Many thanks! Yes I would suggest to add this fact to the documentation - also the annoy alternative is not mentioned as a viable option (and in many cases would be preferred). As an improvement suggestion - add the annoy algorithm to scikit-learn. And to avoid some "magic parameters" like num_trees, one should only pass a parameter of "probability of mistake", while the num_trees should be calculated from this parameter. I guess for practical usage it's many time more useful to use annoy.

TomDLT commented 3 years ago

There is no plan to include approximate nearest neighbors in scikit-learn, I only added the wrapper around annoy as a comparison. I agree we could add a reference to annoy (and nmslib, faiss, ...) in the documentation.

The O(n) query time in our BallTree and KDTree is still a bit weird though.

jnothman commented 3 years ago

The O(n) query time in our BallTree and KDTree is still a bit weird though.

I agree. Let's label this as a bug until someone investigates. I would have expected these were benchmarked when implemented, but this all deserves a little looking into.

jnothman commented 3 years ago

is this a duplicate of #7687, or a different case?

simsim314 commented 3 years ago

No. It's similiar but different. He is talking about tree load time and my report is about the query time. His issue is also reproducable on single data case, my issue is reproducable on random case i.e. most cases.

thomasjpfan commented 3 years ago

During query every leaf will compute a rdist:

https://github.com/scikit-learn/scikit-learn/blob/b94332434d0117e3d86407560a206d1c7bee1c81/sklearn/neighbors/_binary_tree.pxi#L1824-L1829

This rdist scales with a factor of n_features * n_samples_in_node.

Edit: Added the number of samples in the node

simsim314 commented 3 years ago

Thomas it's not relevant. We measured with constant amount of features called d, and we don't see query in N number of points, when it's several orders of magnute higher than d. We took 5, 50, 500 fetures while we had tens to hunders of thousands of points, it should be logarithmic in N acording to the documentation and linear in d, and we see linear performance in N. Check Tom's graphs they are better than my verbal report, but my report shows linear in N query time with 500 features.

thomasjpfan commented 3 years ago

When I remove the self.rdist calculation, I am able to get the desired behavior: (This is not the right solution and only use for debugging):

n_features=50

Figure_1

Without this computation I referenced above the query is O(n_samples * log(n_features)).

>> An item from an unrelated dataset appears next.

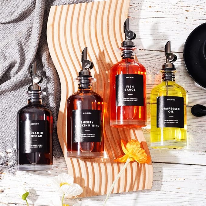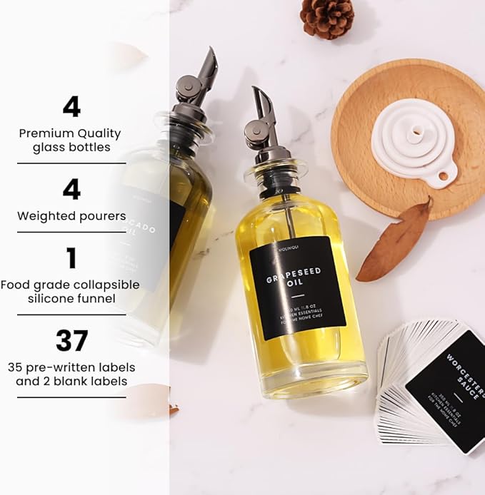 - Modern Kitchen Essential: Minimalism Inspired Cooking Oil Dispenser Bottle. This Set Includes Four High-quality 11.8 Oz (350 Ml) Glass Bottles, Four Black Pourers, a funnel, and a 37 Label Set.

The additional computation loops through the samples in the node and computes the distance between the sample and the query point. (There is also a cost with placing elements on the heap.)

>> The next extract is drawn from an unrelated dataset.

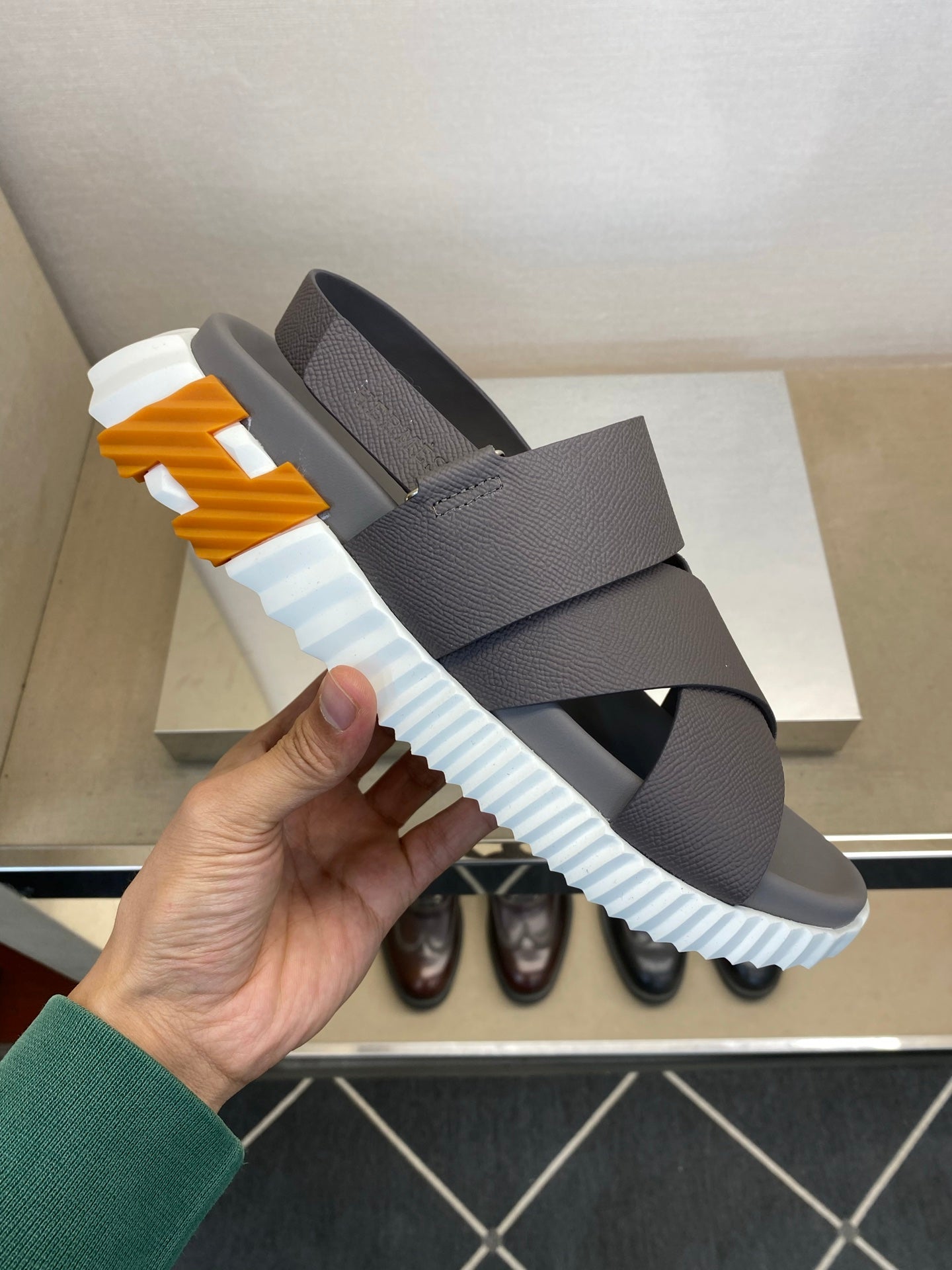 HM Men's Electric Sandals Dark Grey Calfskin 602600

Edit: I think I am off with my complexity analysis.

simsim314 commented 3 years ago

I don't see what you mean by self.rdist? Can you please post your code?

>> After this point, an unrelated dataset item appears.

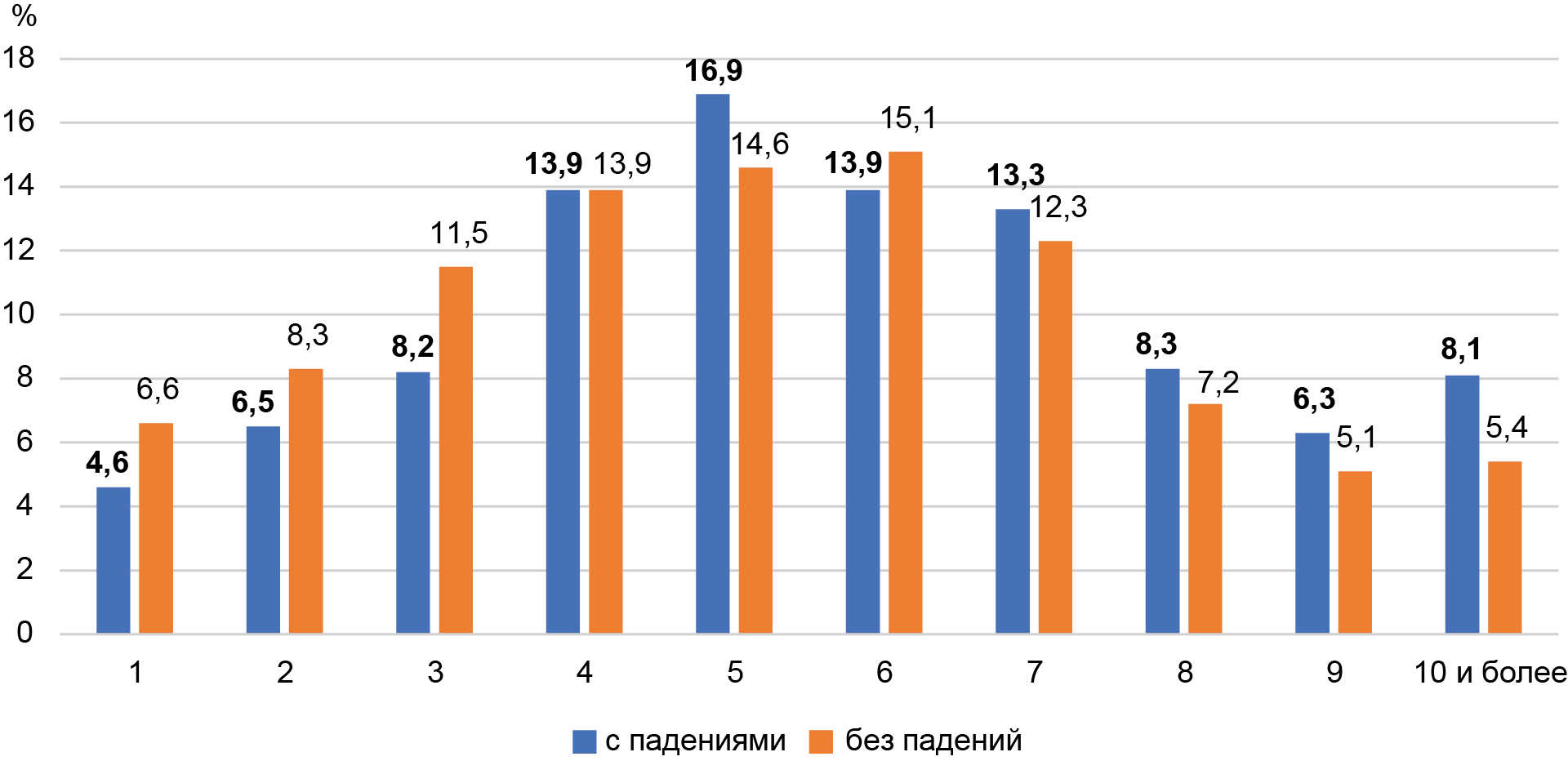 Ряд исследований указывают на повышение риска падений при приеме 5 и более лекарственных средств [19, 20], тогда как в других публикациях авторы сообщают об отсутствии влияния полипрагмазии на возникновение падений после поправки на возраст, пол, сопутствующие заболевания [21].

As far as I understand usualy the tree algorithms queries works in O(log(num_samples)) As function of num_samples, this is why people use trees. The dimentionality adds linear factor, but usually as long as the dim is not high no one cares about it. We still never saw logarithmic behaviour, and your graph is also a function of num_samples and it looks linear, if you can either increas num_features to 500 or to add another order of magnitide of num_samples you will see the linearity effect more clear. 1ms shows you probably have a good hardware, try to see what happens when you reach a seconds for query.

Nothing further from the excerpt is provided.